Two weeks ago, I mentioned a range breakout from the top for Bitcoin (BTC) after a manipulation phase. Unfortunately, the price broke its range from below and came into the $42,000 – $39,000 area.

This area had already served as support for the price when it stalled in December 2021. Since then, the price has made some moves that we will take up to see more clearly. As usual, let’s start with the weekly view. We had identified the $43,100 area as the closing point of the last low not to be breached. We had a close below this point the week before, and yesterday a close almost at this level.

2 interpretations are possible now:

  • The last low has just been crossed on the downside;
  • The last low is not clearly crossed.

A validation of the downward break of this technical point would take us straight to the $30,000 that played a major role between May and July 2021.

Bitcoin (BTC) analysis in 1W

Bitcoin (BTC) analysis in 1W


Let’s focus on the daily view to refine our analysis. Bitcoin (BTC) remains in the downtrend it started in November 2021. It is still in this identified area of $44,300 – $40,700 with a wick at $39,500. For the moment, there is no clear break of the support and we remain in this hesitation phase.

Bitcoin (BTC) analysis in 1D

Bitcoin (BTC) analysis in 1D


I’d like to introduce some additional analysis for Bitcoin. Indeed, I usually supplement these analyses with the price of gold against Bitcoin (PAXG/BTC).

Why?

Simply because they are diametrically opposed assets. Gold is a safe haven (risk-off) as you probably know, and Bitcoin is a highly speculative asset (risk-on). The basis of my analysis admits that to hedge against volatility, large portfolios will buy gold at the expense of BTC.

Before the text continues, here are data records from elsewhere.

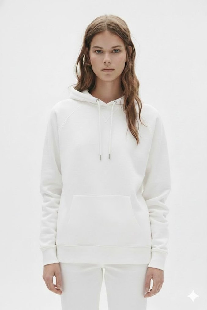 Kadın Beyaz Kapüşonlu 3 İplik Şardonlu Sweatshirt
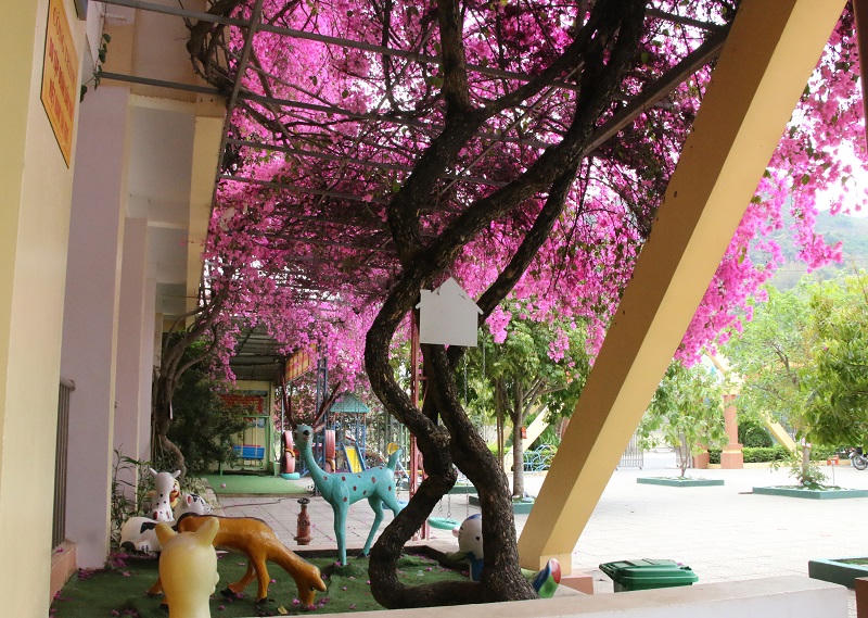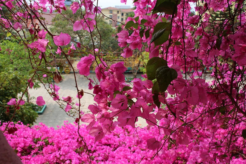 Những giàn hoa giấy làm cho khung cảnh sân trường đẹp tựa như tranh vẽ.
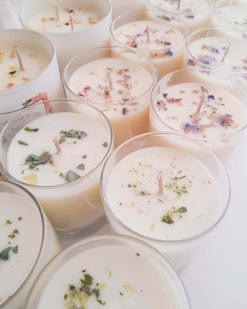 Bougies et fondants à la cire naturelle (soja, colza ou olives).
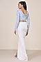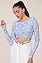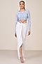 Featuring a light blue draped top in jersey and spandex blend base with patchwork. Accentuate with pants, hoop earrings and sandals for a complete look.
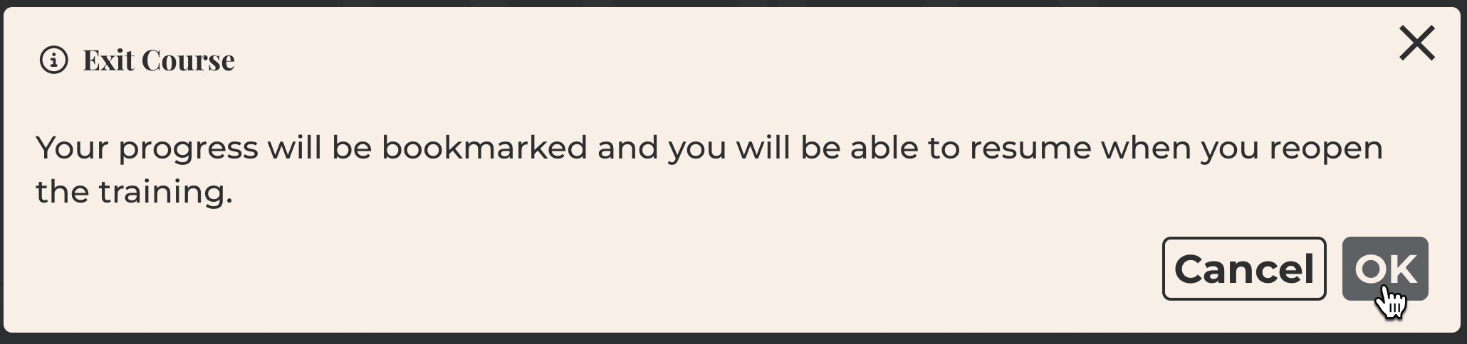 Progress will be tracked, though the learner may need to start, for example, a specific chapter over if they close the course and come back later.
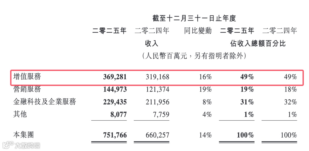 其增值服务板块贡献3693亿元收入,同比增长16%,占总营收比重稳定在49%。若将时间轴拉长,这一数字意味着腾讯游戏及相关增值服务年度收入迈过3500亿元门槛。
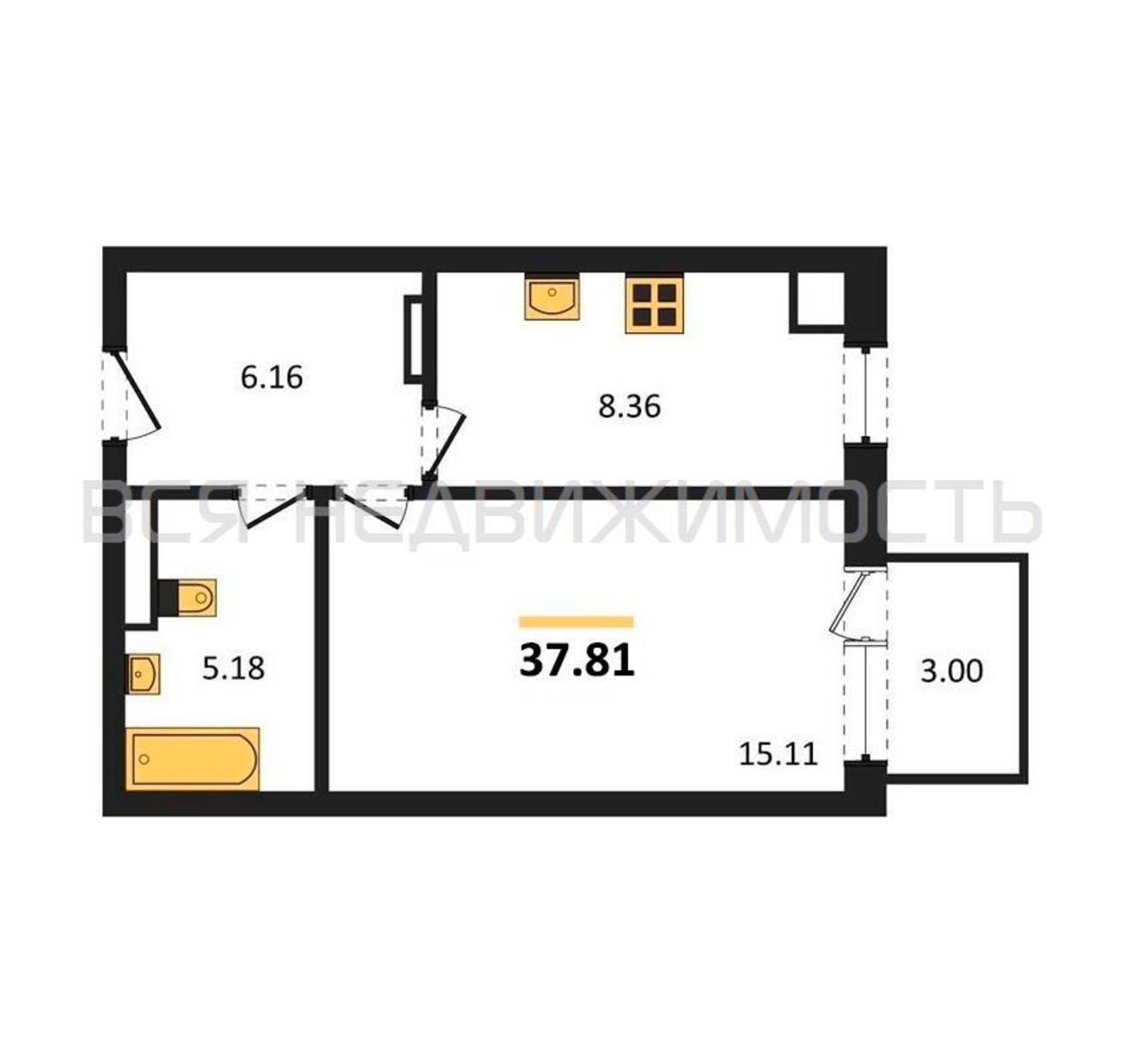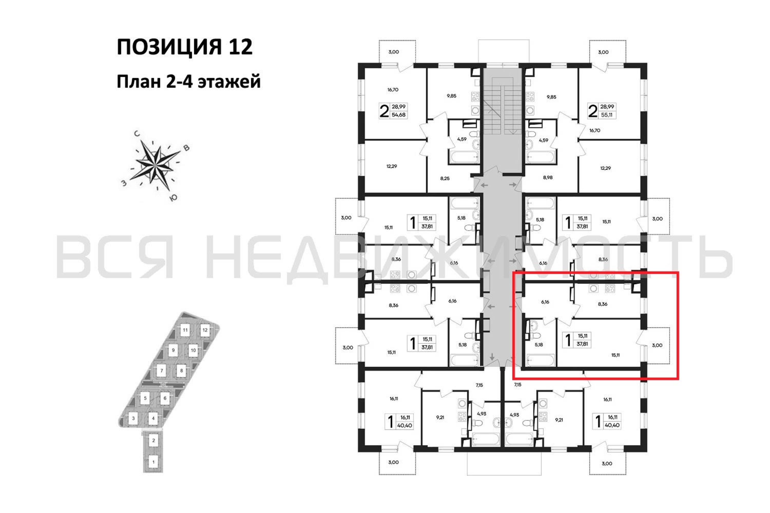 1-комнатная квартира, 37.81 м² 4/4 этаж ID объекта 100111930

We can therefore conclude this very simple mechanism:

  • Need for exposure to volatility = investment in BTC ;
  • Need stability = investment in gold.

If we take the situation between May and July 2021, we can clearly see that the price has held its resistance which corresponded to the $30,000 support. On the other hand, the price manipulation is much less important, and the price has technically respected this level. This makes it possible to validate or not a breakout. In our case, we can see that the resistance on gold against BTC has not been broken, and this confirms that the support of BTC is still valid.

Gold analysis (PAXG/BTC) in 3D

Gold analysis (PAXG/BTC) in 3D


If we go back to Bitcoin, and the study of possibilities, it appears possible a similar scenario as for May/July.

Bitcoin (BTC) 3D analysis

Bitcoin (BTC) 3D analysis


Beware, this scenario will be completely invalidated if BTC support is broken to the downside, along with gold resistance against Bitcoin. What is certain however, is that the short term view (4H) is currently in a bullish configuration and seems to be heading towards the last lost zone, and former range bottom at $45,800 – $46,800.

This area will give us a good indicator of where to go next, as it is a good place to take shorts (bet against the market). This would still fit the theory mentioned above with a final bearish wave that would take out the last players for good.

Bitcoin (BTC) analysis in 4H

Bitcoin (BTC) analysis in 4H

Conclusion

Bitcoin (BTC) has lost its important level of $46,000 – $45,000 and has come to rest on its support of $39,000 – $40,000. For the moment the price is managing to hold this area, and could re-start a short-term uptrend. However, it will need to regain many levels to hope that the macro trend will resume its upward movement. In the event of a breakout from below, the $30,000 level should serve as a short term interest zone.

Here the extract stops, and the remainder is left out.